Moment When Foot Entered Mouth: In an interview with the Wall Street Journal Cain admits he doesn’t really know what he’s talking about, but these protesters are bad news and should only blame themselves if they don’t have jobs.

Ultimate Foot Fatality: Saying out loud, “I don’t have facts to back this up, but I happen to believe that these demonstrations are planned and orchestrated to distract from the failed policies of the Obama administration. Don’t blame Wall Street, don’t blame the big banks, if you don’t have a job and you’re not rich, blame yourself!”
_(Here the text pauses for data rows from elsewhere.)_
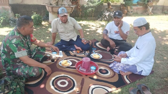 Wongsorejo, — Babinsa Desa Sidowangi, Kopka Hamim, melaksanakan kegiatan komunikasi sosial (Komsos) bersama tokoh masyarakat di wilayah desa binaannya. Kegiatan tersebut bertujuan untuk mempererat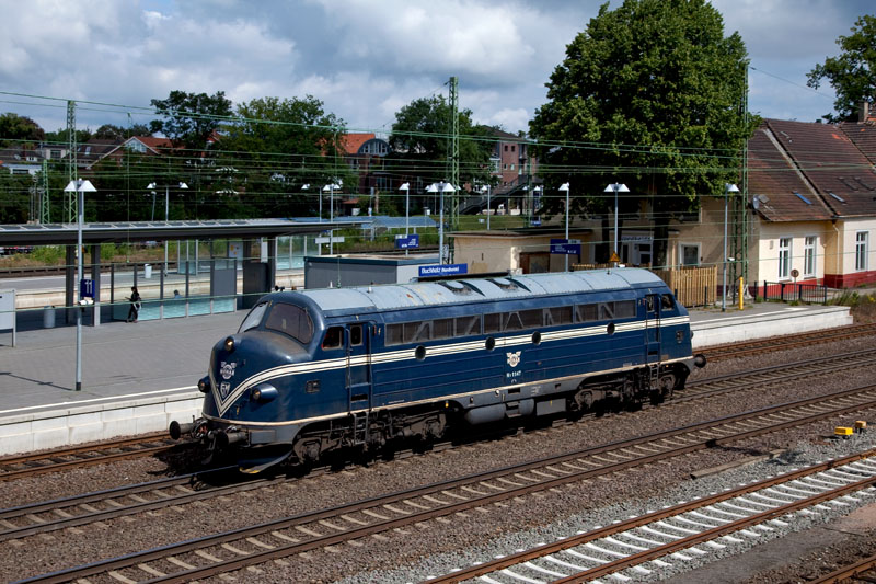 | Wohl zur "Fußpflege" bei der AKN in Kaltenkirchen brummte VT 208 der Taunusbahnen in Richtung Hamburg. Buchholz (i.d. Nordheide), 13. August 2011 |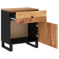 Add an industrial touch to your room with the bedside cabinet! It makes a practical and decorative addition to your home. Solid acacia wood: Solid acacia wood is a beautiful natural material. Acacia wood is a tropical hardwood, which is dense, sturdy, and durable.Ample storage space: Equipped with a drawer and a compartment, the bedside table offers ample storage space for keeping various daily essentials well organised and within easy reach.Sturdy top: The side cabinet has a sturdy top, which is perfect for placing your cups, books and some decorative items.Metal legs: The metal legs of this bedroom furniture ensure sturdiness and stability. Warning:In order to prevent overturning, this product must be used with the wall attachment device provided. Note:Each product comes with an assembly manual in the box for easy assembly.The colours may vary from piece to piece, making each piece unique and slightly different from the next. The delivery is random, ensuring the exclusivity and individuality of your product.
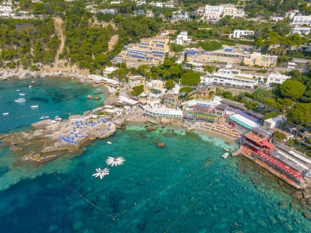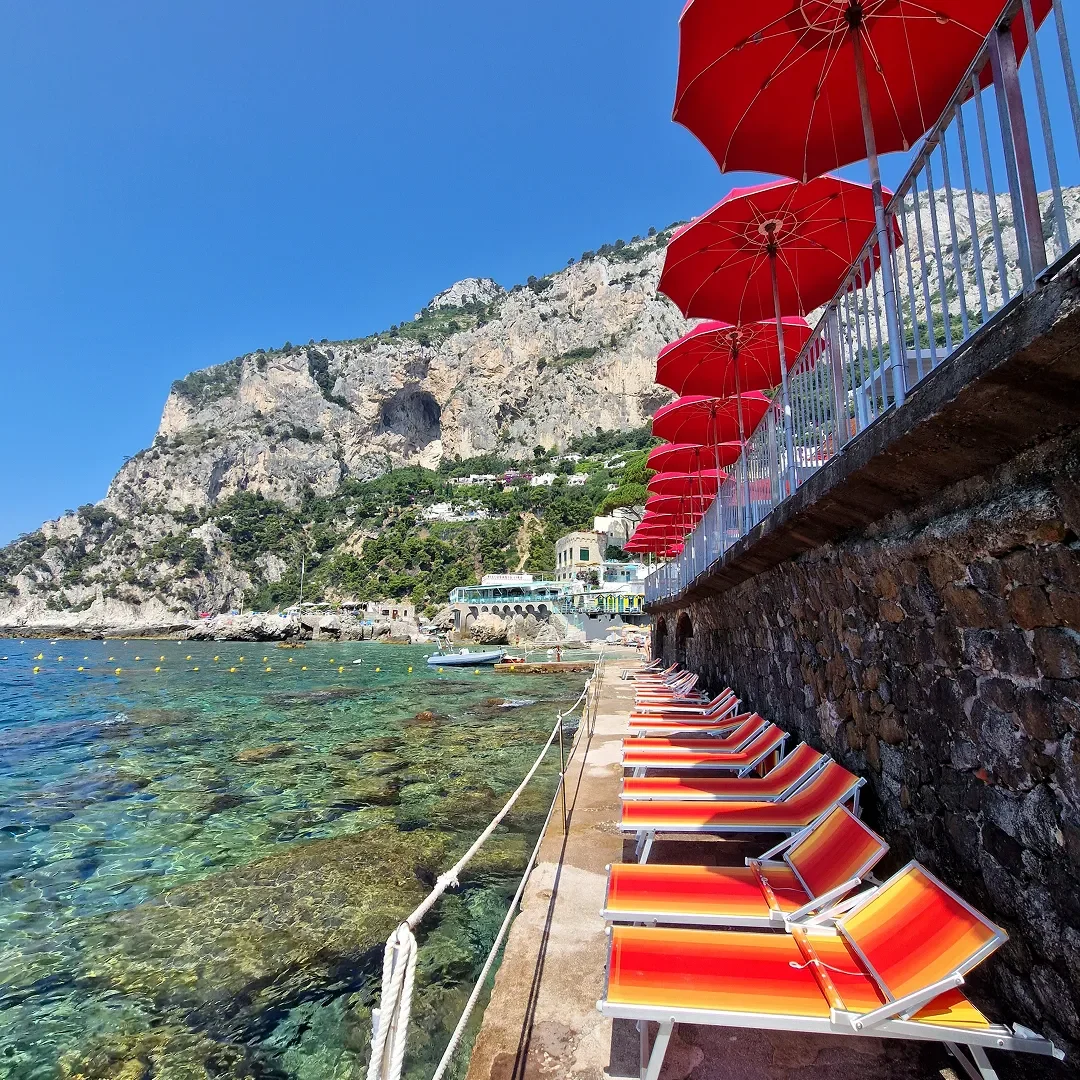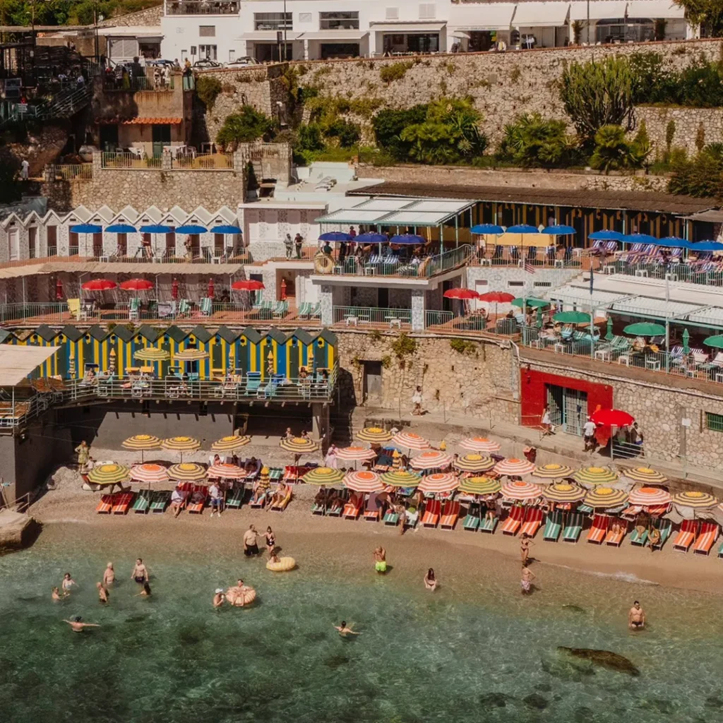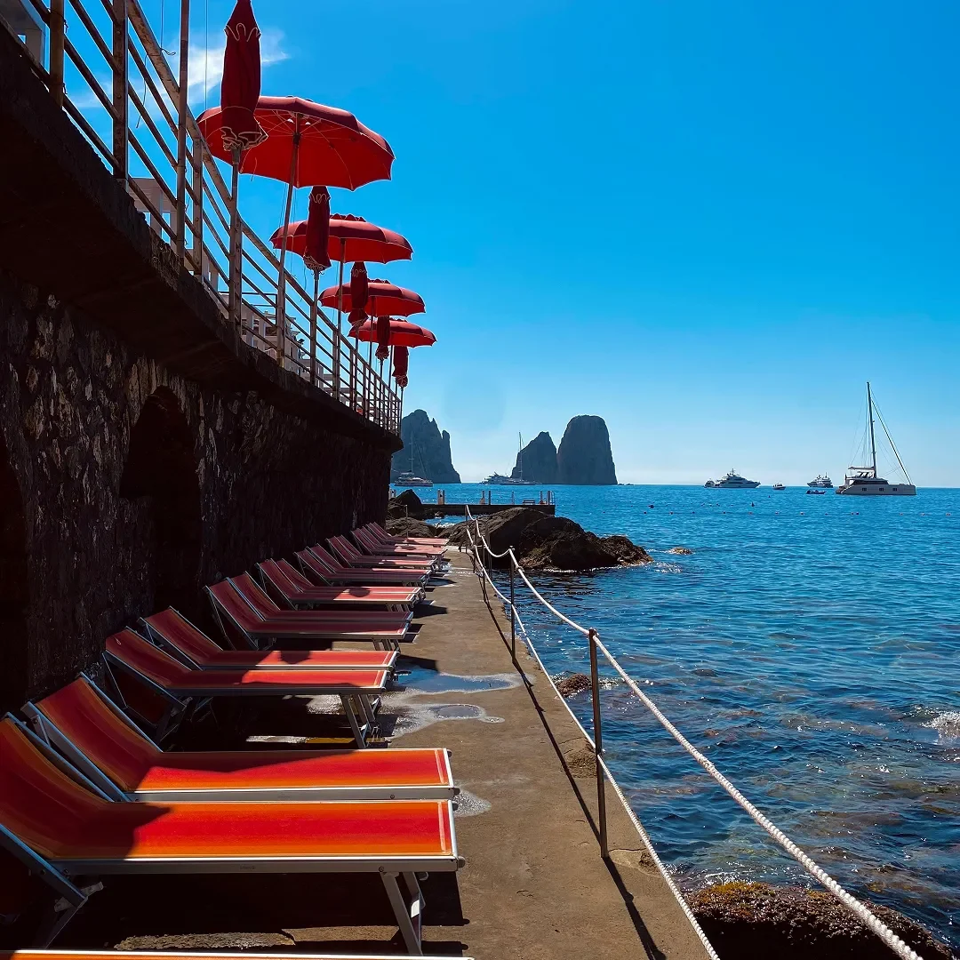 From the splendid Marina Piccola beach, one of Capri’s most evocative settings, Bagni Internazionali offers a complete experience amidst crystal-clear sea, traditional cuisine, and authentic Capri hospitality. With an area of approximately 3000 m2, Bagni Internazionali Capri are spread over several levels, overlooking the sea, offering a complete bathing experience designed for those who want to enjoy the sea in total relaxation and comfort. Each space is designed to ensure tranquility, privacy, and freedom of choice in an elegant and harmonious setting.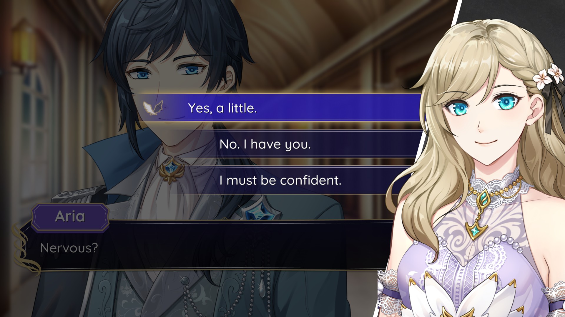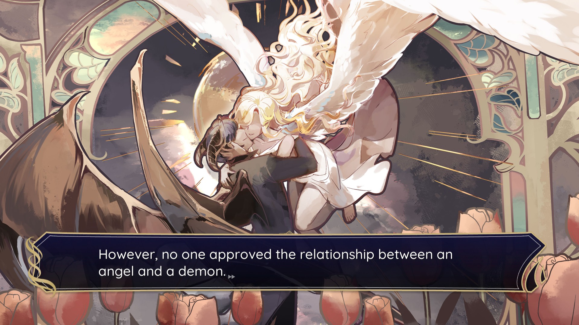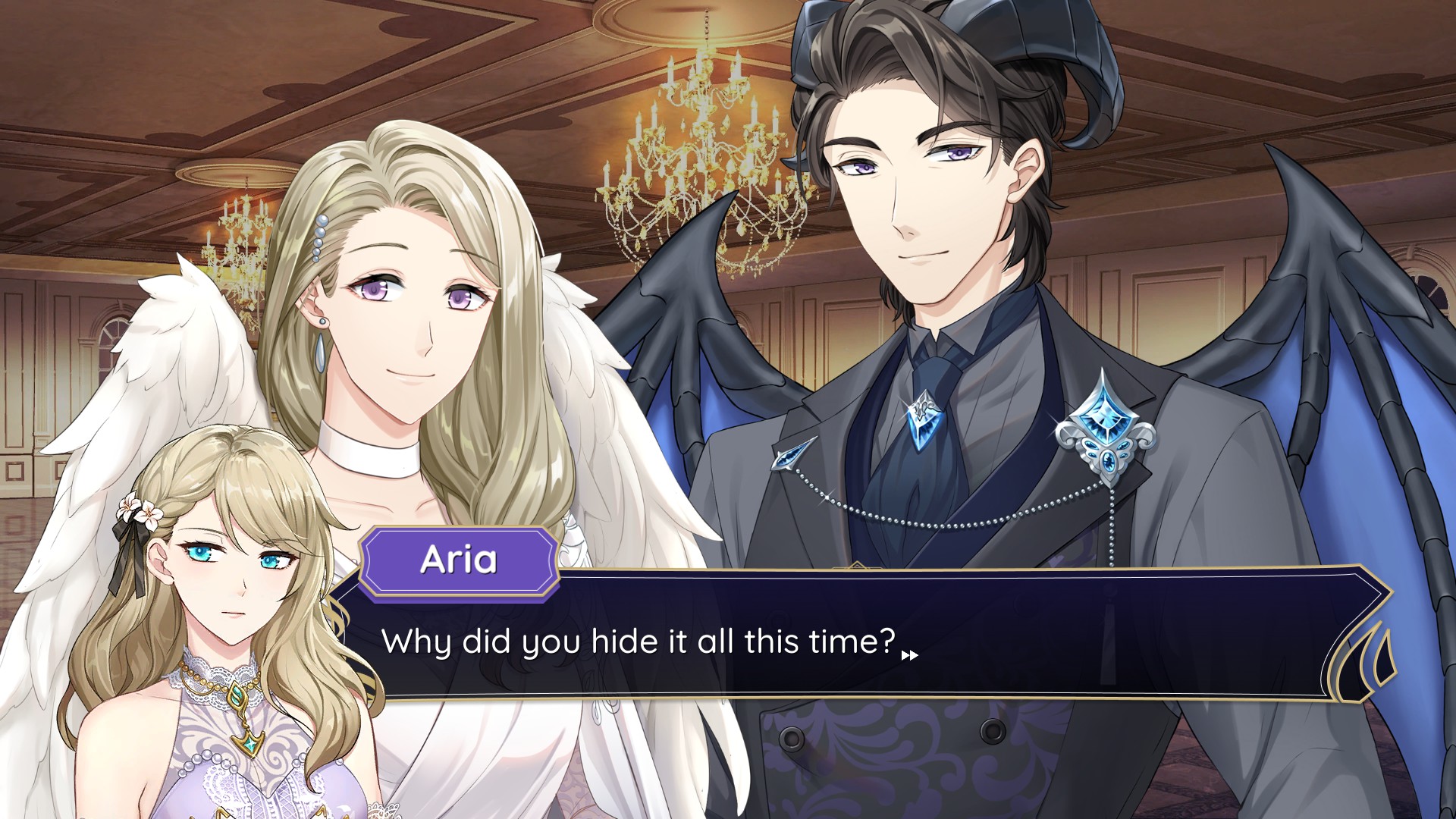 today's first game is celestia. it's a really pretty visual novel starring aria (name changeable), the daughter of an angel and a demon. on her 18th birthday, she gets an invitation to celestia academy, a school of magic for angels and demons - or angelus and daemon, as they call themselves. i didn't get far in this demo since i wanted to play multiple demos today, but i really enjoyed what i played!

Cain’s Response: Despite the criticism, Cain is unrepentant. He recently said the protesters should “Go home and get a job and get a life.”

* * *

8) Negotiating With Terrorists

The Foot: Herman Cain, who obviously has never read the book “If You Give A Mouse A Cookie …“ says he’d release every prisoner in Gitmo in a trade with Al Qaeda if terrorists nab one of our people. Critics everywhere experience violent head explosions. Clean up is expensive.

Moment When Foot Entered Mouth: Cain makes the mistake of giving another interview to discuss foreign policy with CNN’s Wolf Blitzer. Nothing good can come from Cain talking to anyone at this point.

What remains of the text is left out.